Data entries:
※
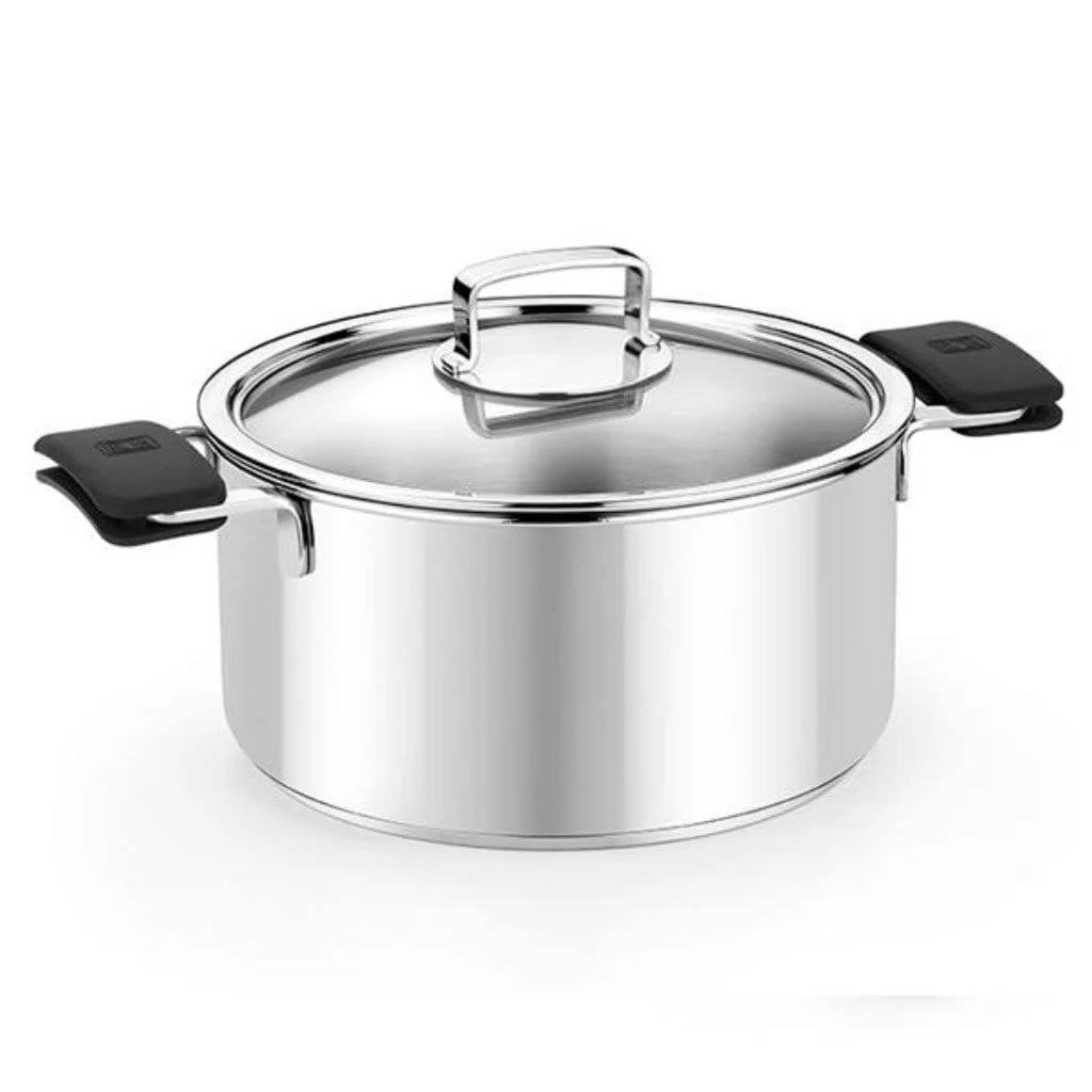 - Olla de acero inoxidable con tapa de vidrio y embellecedores de inox.
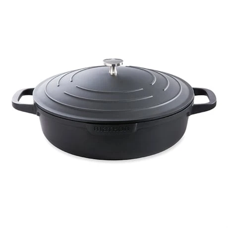 La cocotte légère en fonte d’aluminium basse ronde 28 cm noire Mathon cumule les avantages. Conçue en fonte d’aluminium, elle est 3 fois plus légère qu’une cocotte traditionnelle en fonte d’acier tout en conservant ses propriétés de conduction de la chaleur et de préservation des saveurs. Sa hauteur avec couvercle de 14 cm facilite son rangement dans vos placards pour plus de praticité tout en offrant une belle capacité de cuve de 4,1 L.
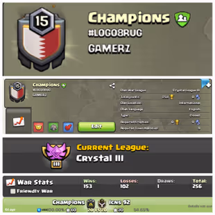 Champions !! LEVEL 15 !! WIN 153 LOSS 102 !! CRYSTAL 3 !! PERFECT NAME !! GOOD WAR LOG !! AFFORDABLE !! INSTANT DELIVERY
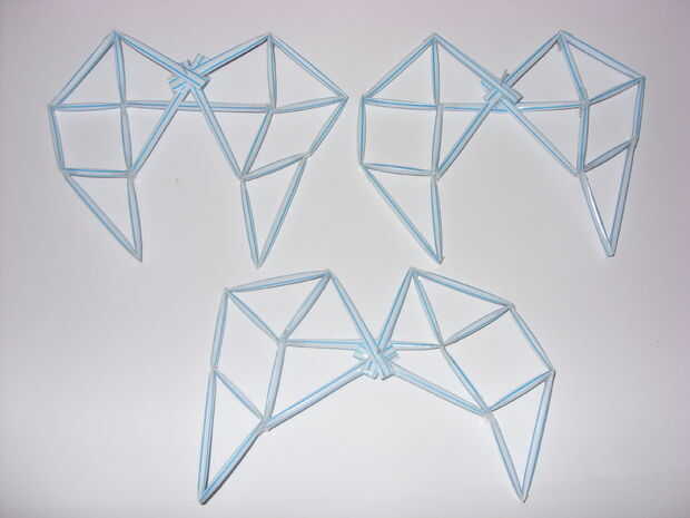 Tenga en cuenta que los dos extremos de los brazos de cada "j" y "k" se aplane en planos perpendiculares.
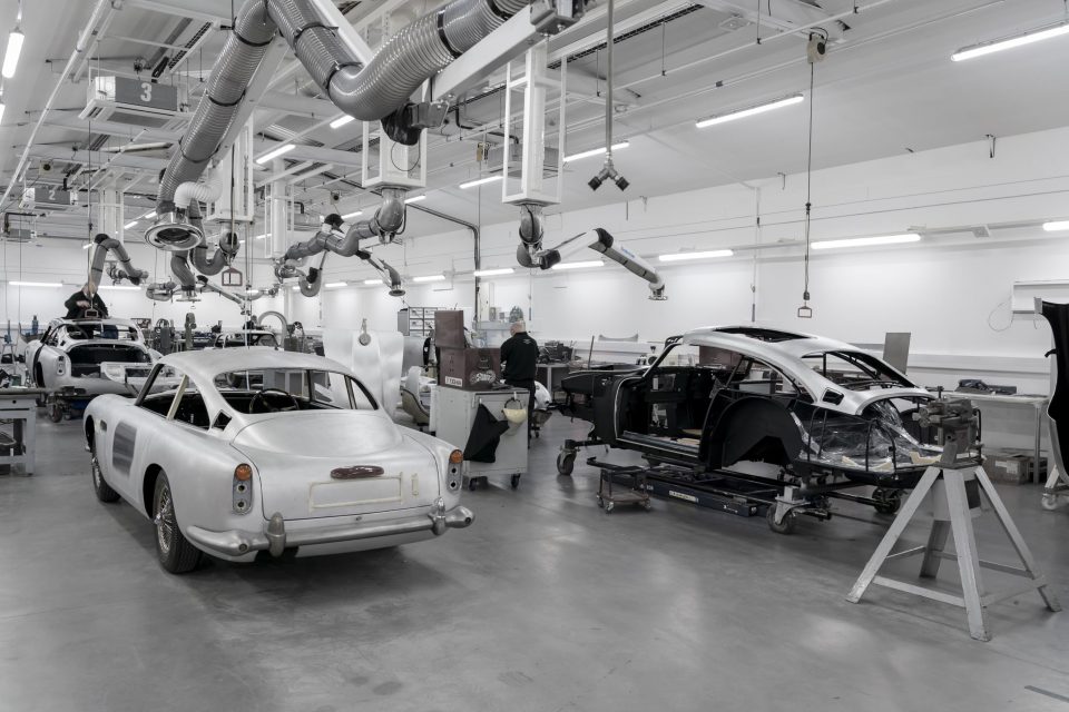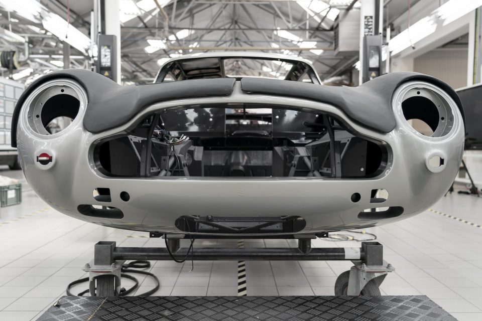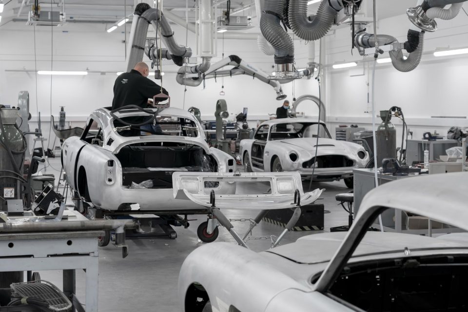 Aston Martin DB5 production resumes after 55 years as build work begins on DB5 Goldfinger Continuation cars at Aston Martin Works.
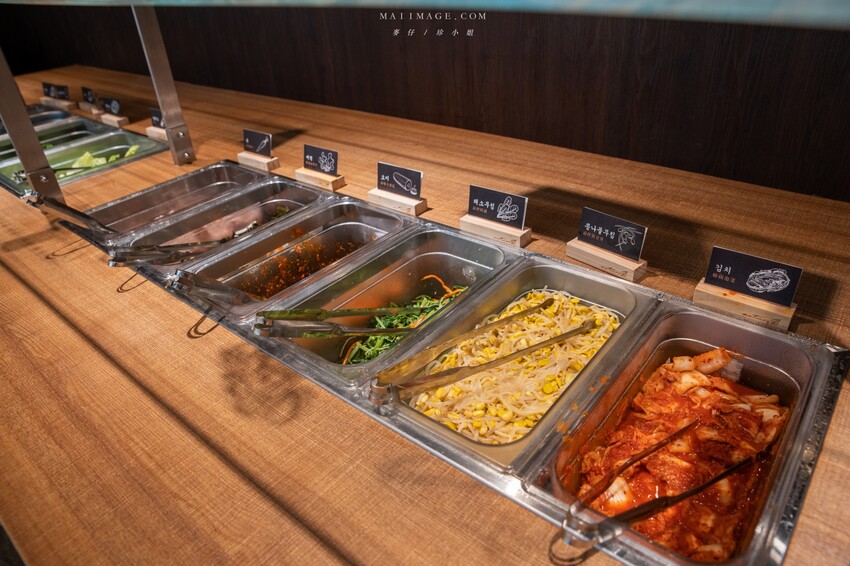 桌上的韓式小菜是無限量供應的,在入座時就會先上一份完整小菜,如果吃不夠就可以自己到自助區取用。小菜的選擇相當多,光是眼前這些就有六種小菜可以選,有我最愛的韓式泡菜、黃瓜、豆芽菜、醃蘿蔔。
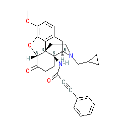 | SMILES | COc1ccc2c3c1O[C@H]1C(=O)CC[C@@]4(NC(=O)C#Cc5ccccc5)[C@@H](C2)N(CC2CC2)CC[C@]314 |
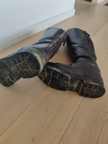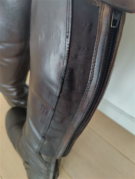 Slidte og derefter repareret ved elastik/ lynlås - se billed.
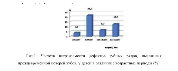 В связи с этим возникает необходимость разработки новых подходов в оказании стоматологической ортопедической помощи различным группам населения, в том числе детям в различные возрастные группы: в молочном, сменном и постоянном прикусах. Частота встречаемости дефектов зубных рядов, вызванных преждевременной потерей зубов, у детей в различные возрастные периоды (%) представлена на рис.1.
※
Task objective: Every record above should be written out again exactly; the pictures stay out of the copy.

Worked solution:
 - Olla de acero inoxidable con tapa de vidrio y embellecedores de inox.
 La cocotte légère en fonte d’aluminium basse ronde 28 cm noire Mathon cumule les avantages. Conçue en fonte d’aluminium, elle est 3 fois plus légère qu’une cocotte traditionnelle en fonte d’acier tout en conservant ses propriétés de conduction de la chaleur et de préservation des saveurs. Sa hauteur avec couvercle de 14 cm facilite son rangement dans vos placards pour plus de praticité tout en offrant une belle capacité de cuve de 4,1 L.
 Champions !! LEVEL 15 !! WIN 153 LOSS 102 !! CRYSTAL 3 !! PERFECT NAME !! GOOD WAR LOG !! AFFORDABLE !! INSTANT DELIVERY
 Tenga en cuenta que los dos extremos de los brazos de cada "j" y "k" se aplane en planos perpendiculares.
 Aston Martin DB5 production resumes after 55 years as build work begins on DB5 Goldfinger Continuation cars at Aston Martin Works.
 桌上的韓式小菜是無限量供應的,在入座時就會先上一份完整小菜,如果吃不夠就可以自己到自助區取用。小菜的選擇相當多,光是眼前這些就有六種小菜可以選,有我最愛的韓式泡菜、黃瓜、豆芽菜、醃蘿蔔。
 | SMILES | COc1ccc2c3c1O[C@H]1C(=O)CC[C@@]4(NC(=O)C#Cc5ccccc5)[C@@H](C2)N(CC2CC2)CC[C@]314 |
 Slidte og derefter repareret ved elastik/ lynlås - se billed.
 В связи с этим возникает необходимость разработки новых подходов в оказании стоматологической ортопедической помощи различным группам населения, в том числе детям в различные возрастные группы: в молочном, сменном и постоянном прикусах. Частота встречаемости дефектов зубных рядов, вызванных преждевременной потерей зубов, у детей в различные возрастные периоды (%) представлена на рис.1.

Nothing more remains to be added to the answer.